Understanding Backpropagation

A visual derivation of the equations that allow neural networks to learn

Jan 12, 2021

13 min read

At its most basic, a neural network takes input data and maps it to an output value. Whether you’re looking at images or words or raw numerical data all the network sees is numbers and it’s simply finding patterns in these numbers. The input data is filtered through a matrix of weights which are the parameters of the network and can number in the thousands to millions or billions. Fine tuning these weights to recognize the patterns is obviously not a task any human wants to or can do and so a method to do this was devised, several times but most notably in 1986 [1]. The method takes a neural networks output error and propagates this error backwards through the network determining which paths have the greatest influence on the output. This is of course backpropagation.

Backpropagation identifies which pathways are more influential in the final answer and allows us to strengthen or weaken connections to arrive at a desired prediction. It is such a fundamental component of deep learning that it will invariably be implemented for you in the package of your choosing. So you really could build something amazing without knowing a thing about it. In the same vain you could also drive your car, as many of us do, without the faintest idea of how an engine really works. You don’t have to think about it and can still drive without issue…that is until you’re broken down on the side of the road. Then you sure wish you understood something about what’s going on under the hood.

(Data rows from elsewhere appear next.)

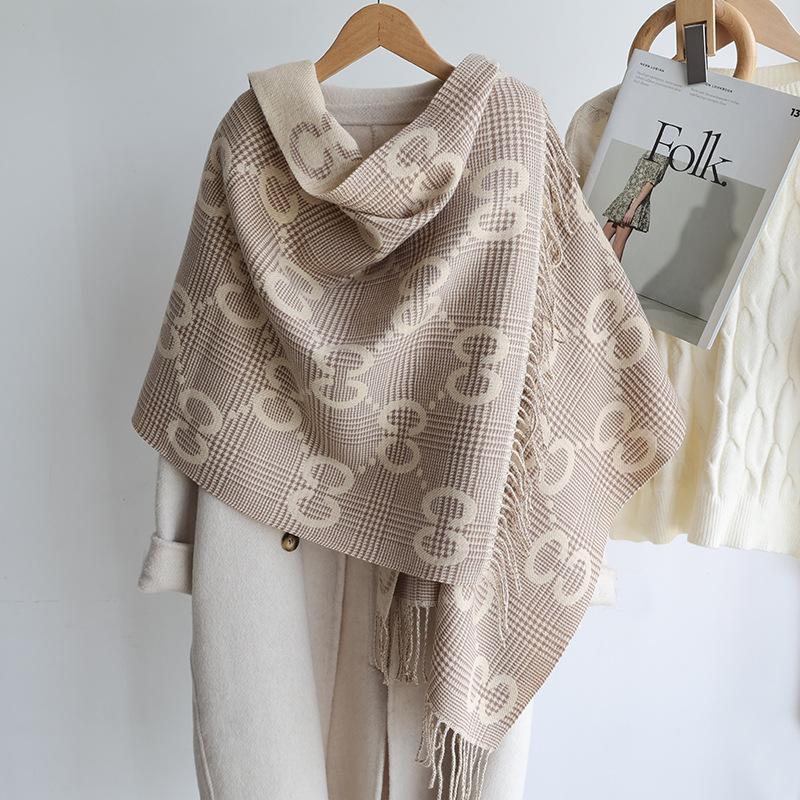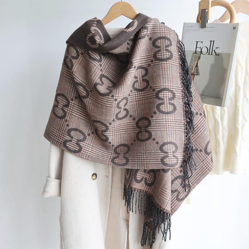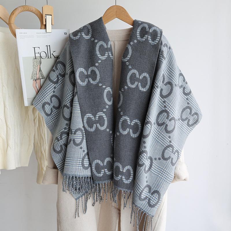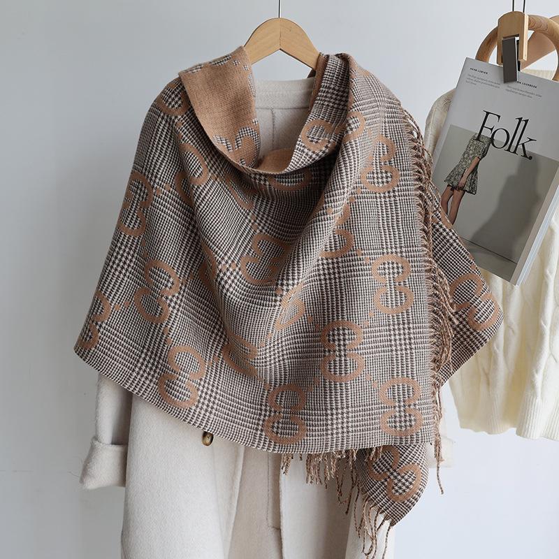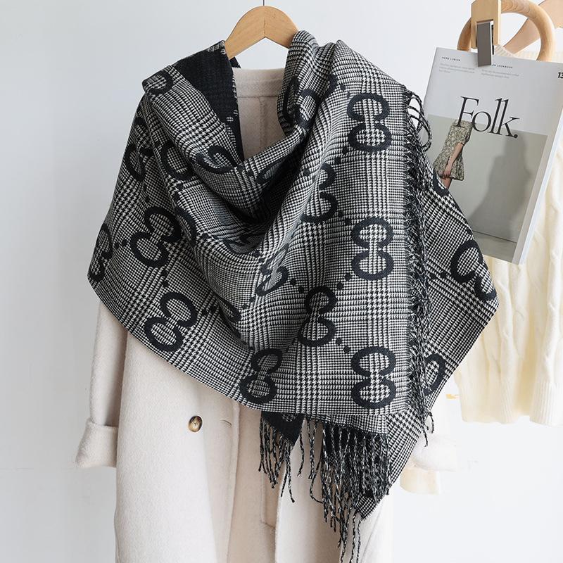 Bufanda de cachemira de imitación con letras europeas y americanas para mujer, otoño e invierno, chal largo cálido de doble cara, nuevo estilo, bufanda gruesa para estudiantes que combina con todo.
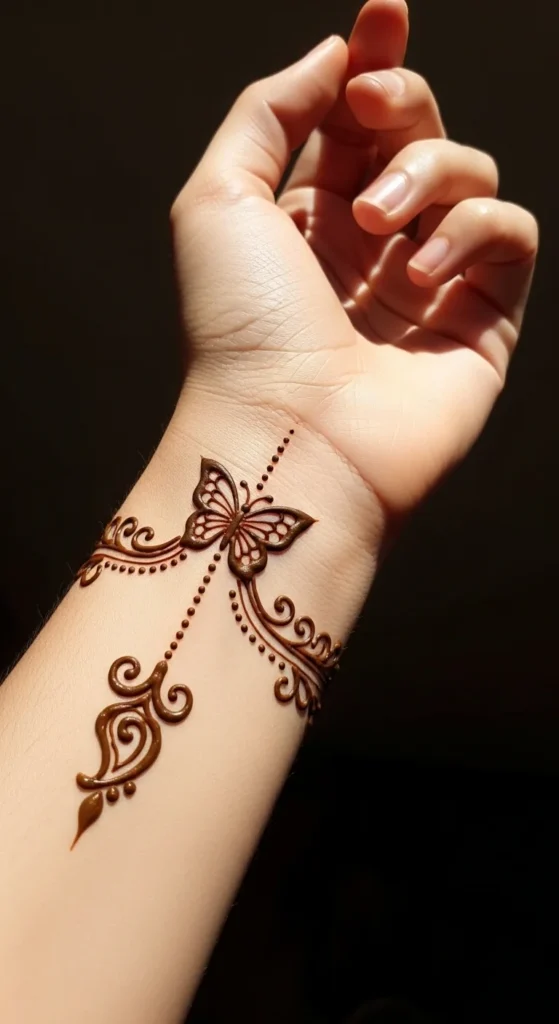 A butterfly wrist charm design is playful, delicate, and perfect for lighter mehndi looks. One small butterfly near the center or side of the wrist can become the focal point, with dot trails, mini leaves, or soft swirls around it. This style is especially good for younger girls, college events, or casual festive wear because it feels charming without looking too serious. The key is to keep the butterfly neat and not too large. A compact shape with clear wings looks much more elegant than a big crowded motif. This design works well with one slim band beneath it or as a floating charm-style pattern on open skin. It pairs beautifully with rings and slim bangles and gives the wrist a soft graceful finish. If you like mehndi that feels pretty, feminine, and slightly whimsical, a butterfly charm design is an easy and lovely option to try.
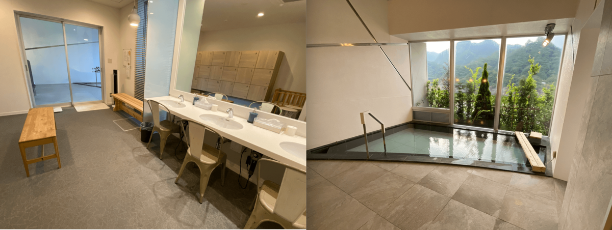 隣接する屋内施設には「笹湯カフェ」、温浴施設「笹湯」もあり、子連れ家族のアウトドア初心者にも楽しめるポイントがいっぱい!「笹湯」は、脱衣所もきれいです。お風呂があると、汗をかくバーベキューや夏のキャンプを気持ちよく過ごせていいですよね。
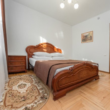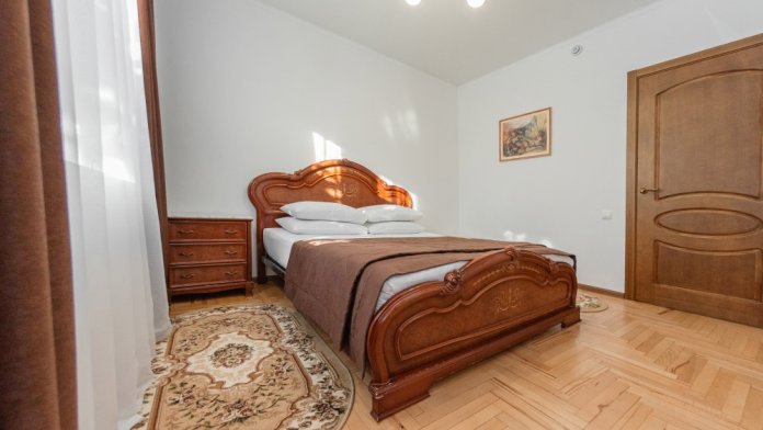 Номера категории «Люкс» двухкомнатные. В номере есть все необходимые удобства: двуспальная кровать, набор мягкой мебели, шкаф, прикроватные тумбочки, телевизоры, холодильник, кондиционер. В ванной комнате установлен душ, гостям предоставляется набор туалетных принадлежностей.
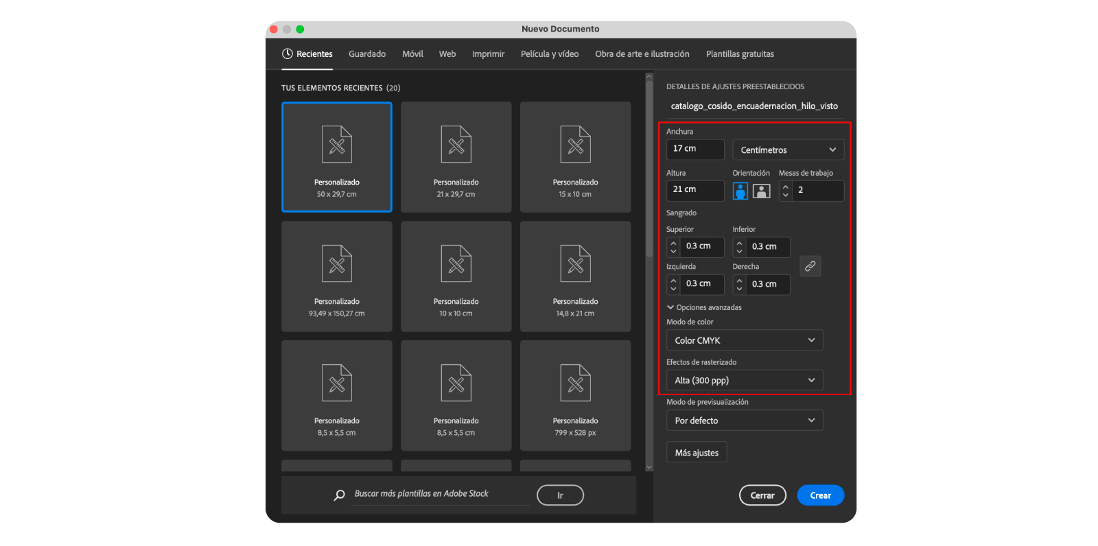- Selecciona el modo de color CMYK, e indica una resolución de 300 ppp y 3 mm de sangrado perimetral.
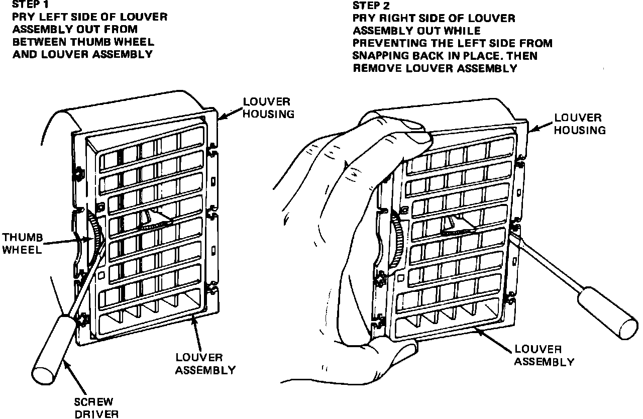1. Insert a thin bladed screw driver between the louver assembly and the thumbwheel - then pry the louver assembly off the pivot (refer to Figure 6).
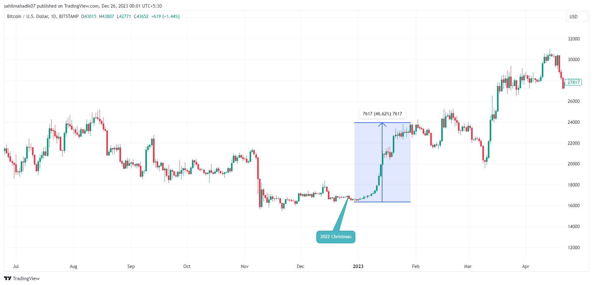 Simultaneously, there’s growing anticipation within the crypto community about the potential approval of a Bitcoin spot ETF. The sanction of such an exchange-traded fund would be a significant milestone, potentially opening the floodgates for institutional investment into Bitcoin. If this approval aligns with the Christmas period, it could coincide with the seasonal increase in market activity, potentially amplifying the effects on Bitcoin’s value.
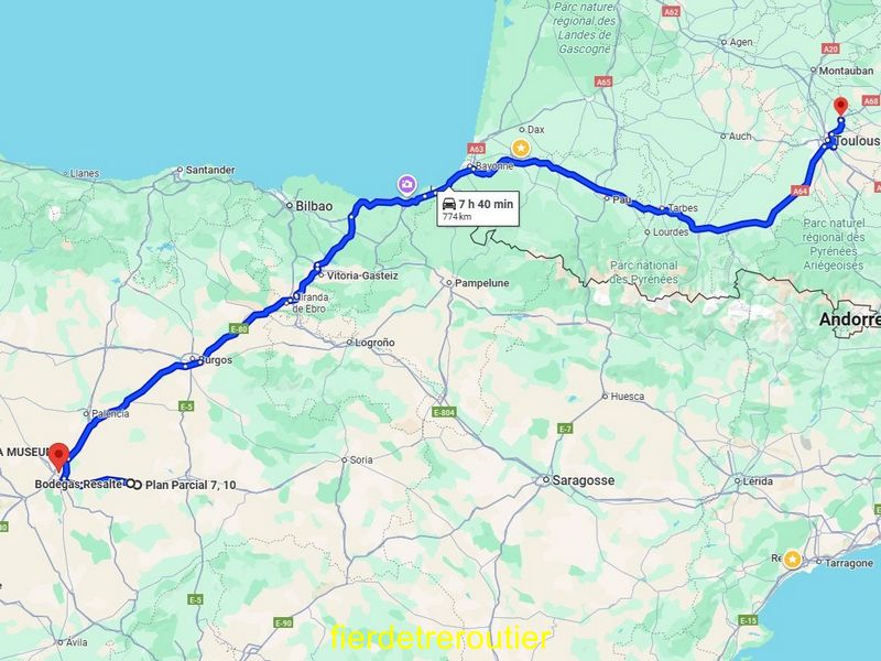 En partant, le cariste m'indique un autre chemin, plus plat pour rejoindre la nationale, mais par contre gross stress comme on dit en Espagnol pour sortir. Le complément est à 70km de là dans une immense bodega à Cigales. J'avais hésité un peu après Valladolid, et finalement j'ai quand même tenté de passer par le centre du pueblo, c'est pas hyper large mais ça le fait. Le domaine est gigantesque, propre, j'y connais rien en vin du Duero, mais ça sent grave le pognon ici. 19 palettes à prendre ici, le cariste est pas super causant, mais diablement efficace. En 30 minutes c'est chargé, il est 11h, 1200km encore et c'est la maison. Mais avant de rentrer dans le vif du sujet, un arrêt s'impose, il est l'heure de déjeuner et se faire couler un bain. Je fais ça au Zamorano juste avant Palencia, typique et bondé de vieux, de jeunes, de touristes, de paumés, toute une faune bruyante. Encore une grosse demi heure le tout, les compteurs sont remis à 0, je peux maintenant chausser mes semelles de plomb. Presque pas de trafic, encore moins de camions, ça file, du moins jusqu'à Burgos, après au plus je monte vers Irun, au plus ça roule. Pour garder la couleur locale pour une fois que je suis pas en ADR, j'ai pris l'Echegarate. Si on se fie à Map, ça fait 8km de plus mais c'est tellement plus sportif. Passé la frontière je fais un stop à Bidard, c'est moins drôle.
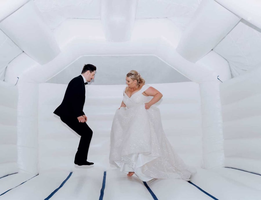 This white bouncy castle is as elegant as it is fun and is great for wedding guests of all ages. Its deep bed and very high walls mean that adults can join in on the fun!
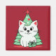 Niedliche weiße Weihnachtskatze posiert mit Weihnachtsbaum und Weihnachtsgeschenk

That broken down car, or stopping with the analogy now, broken model is what brought me to this point. I needed to understand, so I started digging and a quick Wikipedia search quickly shed light on the inner workings of how neural networks learn:

"Essentially, backpropagation evaluates the expression for the derivative of the cost function as a product of derivatives between each layer from left to right – "backwards" – with the gradient of the weights between each layer being a simple modification of the partial products (the "backwards propagated error)."

Come again?? I love Wikipedia but this is a serious mouthful. It quickly becomes clear that backpropagation isn’t an easy concept and does require some serious effort to digest the concepts and formulas that will be thrown at you. While you will never fully understand something until you put pen to paper yourself, the goal here is to provide a resource to make such a crucial concept more accessible to those already working with neural networks who wish to ‘peak under the hood’. Fundamental’s should not be hidden behind a veil of formulas that if only presented in a cohesive manner would present a road map rather than a road block.

In the case of understanding backpropagation we are provided with a convenient visual tool, literally a map. This map will visually guide us through the derivation and deliver us to our final destination, the formula’s of backpropagation. The map I refer to is the neural network itself, while it doesn’t follow the same convention as a computational graph I will use it in much the same way and refer to it as a computational map rather than a graph to differentiate it from the more formal graph structure. This visual method is really only enlightened when the reader can see the process occurring, writing it down in a series of steps runs into the common pitfall of generating a soup of formula’s where the connection is not immediately tangible and the reader becomes overwhelmed. To be clear, we will still end up with many formula’s that look intimidating on their own but after viewing the process by which they evolve each equation should make sense and things become very systematic.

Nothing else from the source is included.